REQUIRED WORK: Of the material below, only the lines from the line containing "Submarine Monument (KRI" down to the line containing "Northern Qi Bodhisattva, Changzi-xian, Shanxi, dated" belong in the answer, written out exactly.

AVAILABLE DATA:
# # # # #

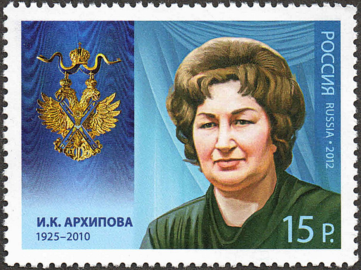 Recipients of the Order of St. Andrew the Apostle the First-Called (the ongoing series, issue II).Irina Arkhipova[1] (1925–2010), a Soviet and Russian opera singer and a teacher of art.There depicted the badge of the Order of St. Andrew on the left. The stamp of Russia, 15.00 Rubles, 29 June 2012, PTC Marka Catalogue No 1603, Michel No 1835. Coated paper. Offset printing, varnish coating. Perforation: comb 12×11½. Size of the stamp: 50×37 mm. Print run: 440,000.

# # # # #

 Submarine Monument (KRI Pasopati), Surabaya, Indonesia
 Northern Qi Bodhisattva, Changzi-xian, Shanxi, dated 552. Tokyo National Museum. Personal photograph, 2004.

# # # # #

EXERCISE OUTPUT:
 Submarine Monument (KRI Pasopati), Surabaya, Indonesia
 Northern Qi Bodhisattva, Changzi-xian, Shanxi, dated 552. Tokyo National Museum. Personal photograph, 2004.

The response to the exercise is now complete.